Ao assumir a cadeira de deputado, uma pequena frustração toma conta de todos os eleitos. Eles descobrem que não foram escolhidos sozinhos. Há no Congresso Nacional outras centenas de ungidos, tão legítimos quanto você. As lides parlamentares são massacrantes. Não há espaço para vontades individuais. Tudo é decidido pelo conjunto. Naquele que é um dos mais importantes documentos de toda a Antiguidade - a Oração Fúnebre de Péricles -, o estadista grego, em raro momento de inspiração, codificou todo o maravilhoso sentido da democracia, ao afirmar que o segredo da felicidade é a liberdade, o segredo da liberdade é a coragem e que valia a pena dar a vida pela sobrevivência das suas instituições: "A virtude da democracia é não estar nas mãos de poucos, e sim de muitos." No Parlamento é assim. Demanda algum tempo para que deixemos de lado as nossas veleidades pessoais e entendamos que a excelência do regime democrático repousa justamente no fato de que a ninguém, individualmente, é concedido o poder de decidir tudo sozinho. O Congresso é um processo de elaboração coletiva. Nossa vaidade repousa no simples fato de estarmos lá, podermos participar do jogo, dar a nossa contribuição, por ínfima que seja, ao aperfeiçoamento de nossa sociedade. A felicidade não está no fim do caminho, mas sim no ato de caminhar.
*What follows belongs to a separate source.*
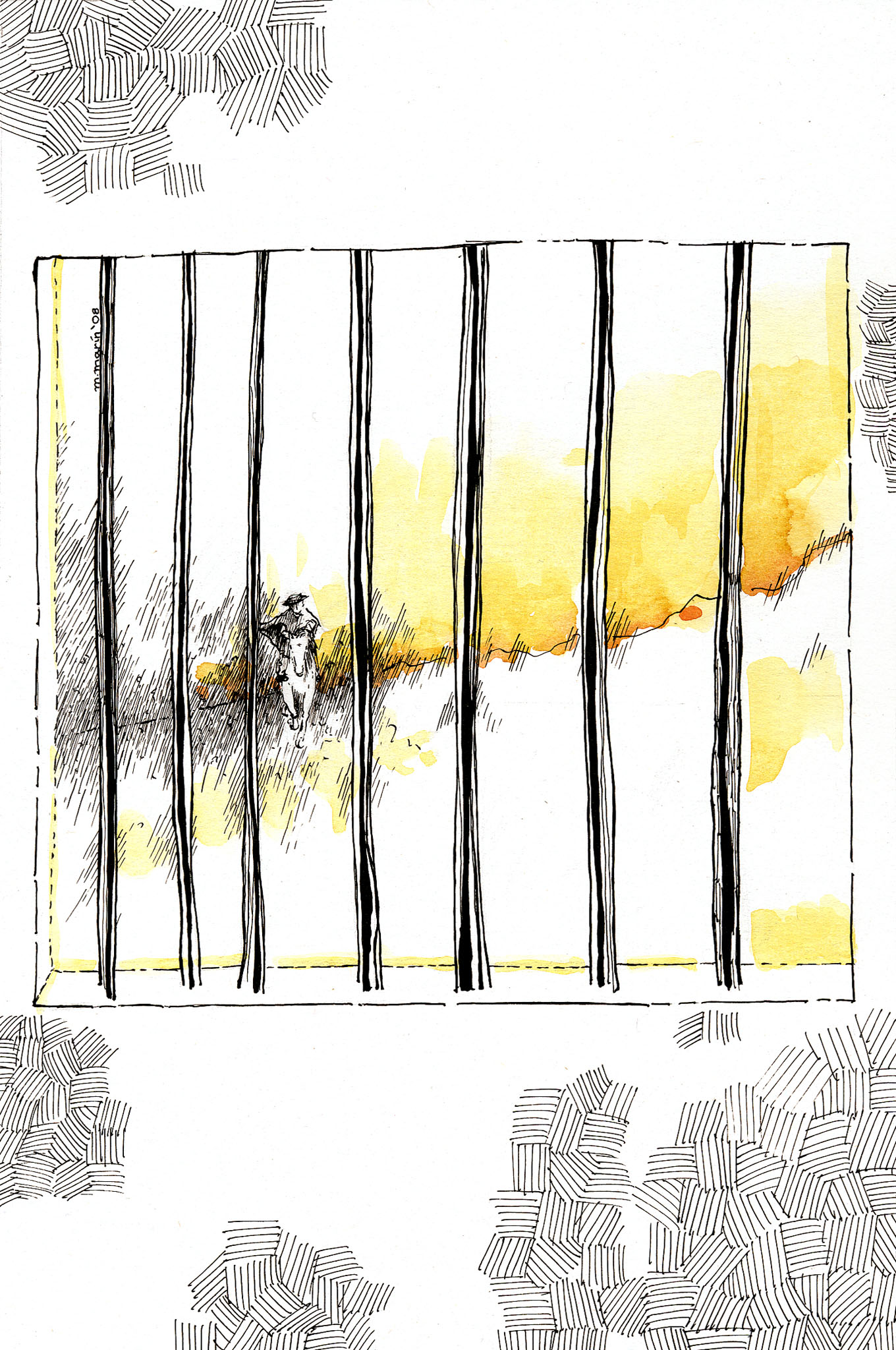 El fin: Un punto se agitó en el horizonte y creció hasta ser un jinete, que venía, o parecía venir, a la casa
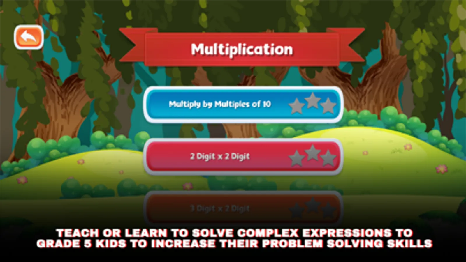 Grade 5 Math provides the most comprehensive learning and fun game for children 8 to 12 years old.This game keep children engaged, and motivate them to learn new skills. Kid friendly rich graphics, animations, voices, and intuitive touch, click, drag and drop style, easy to use questions allow children to work independently.

Quem detém um mandato eletivo, por natureza, não tem outros senhores que não o povo. E o povo deseja que seu mandatário seja altivo e independente. Sendo assim, confesso que não consigo entender como é que parlamentares se dispõem a mercadejar as suas convicções, alienar as suas vontades, deixar-se escravizar, curvar-se de modo vil, tudo isso a troco de míseros 30 dinheiros.
Porventura se olvidaram de quão difícil foi chegar até lá? Hão de dejetar, como fezes, os milhares de votos que amealharam? Há pecúnia que pague o privilégio de ter sido um eleito? Se há uma verdade na política, esta é a de que aqueles que se vendem não merecem sequer ser comprados...
Tendo em mente tudo isso, eu entendo que toda essa crise que estamos vivenciando é extremamente positiva e salutar. Da traição se aproveita a delação e se descarta o delator. Bem-aventurado seja, por enquanto, o deputado Roberto Jefferson, que trouxe à luz toda a imundície das cavalariças de Áugias. Como um câncer que se espraia em metástase, esses tumores hão de ser extirpados até as suas mais profundas raízes. Cassem-se mandatos, demitam-se funcionários, destruam-se falsas reputações, punam-se todos até que o sarcoma seja, por fim, debelado. O arremate final dessa curetagem será o merecido expurgo do próprio traidor. Mas isso, na verdade, é só um detalhe.
Uma vez iniciado o procedimento cirúrgico, não nos esqueçamos de remover, também, o agente cancerígeno. Ele está logo ali, no outro vértice da praça central.
Refestelado em seu trono, repousa um reizinho. Ele se faz de rei de baralho. Jura que de nada sabe. Protesta inocência e até mesmo ingenuidade. Afirma-se traído pelos seus valetes. Alguns até mesmo se solidarizam em sua comiseração. Mereceria ele a nossa indulgência?
Eu entendo que não. Ele reina, mas também governa. A coroa não lhe chegou à cabeça por acaso. Desta corte ele é o rei, por mais que se diga apenas o bobo. Dos ministros até os pajens, não há ninguém, no Palácio, que lá esteja à sua revelia. Se "há algo de podre no reino da Dinamarca", não cabe a este Hamlet questionar-se entre ser ou não ser. Ele é. E não pode evadir-se da responsabilidade de ser.
É impossível conceber que ele nada soubesse. Há nas cortes os áulicos, mas abundam também os Rigolettos. Seja por lealdade, seja por intriga, estes, com certeza, tudo confidenciaram aos ouvidos do rei. E este, sem a menor dúvida, estava a par de tudo o que se fazia. Mormente porque era ele, o rei, o principal beneficiário de toda essa caftinagem parlamentar.
Havemos de decepar-lhe a cabeça? Será o sangue real o melhor detergente para toda essa cloaca?
Talvez sim, talvez não. Tudo depende do que for desvendado de ora em diante.
Haja o que houver, o fato irreversível é que o rei perdeu a majestade. Não lidera, não ordena, nem sequer mandar ele pode mais. Está condenado a terminar o seu reinado impotente e emasculado.
A autoridade de um rei provém do exemplo que ele produz. Sem exemplo não há reis. A não ser os de copas, ouros, espadas ou paus.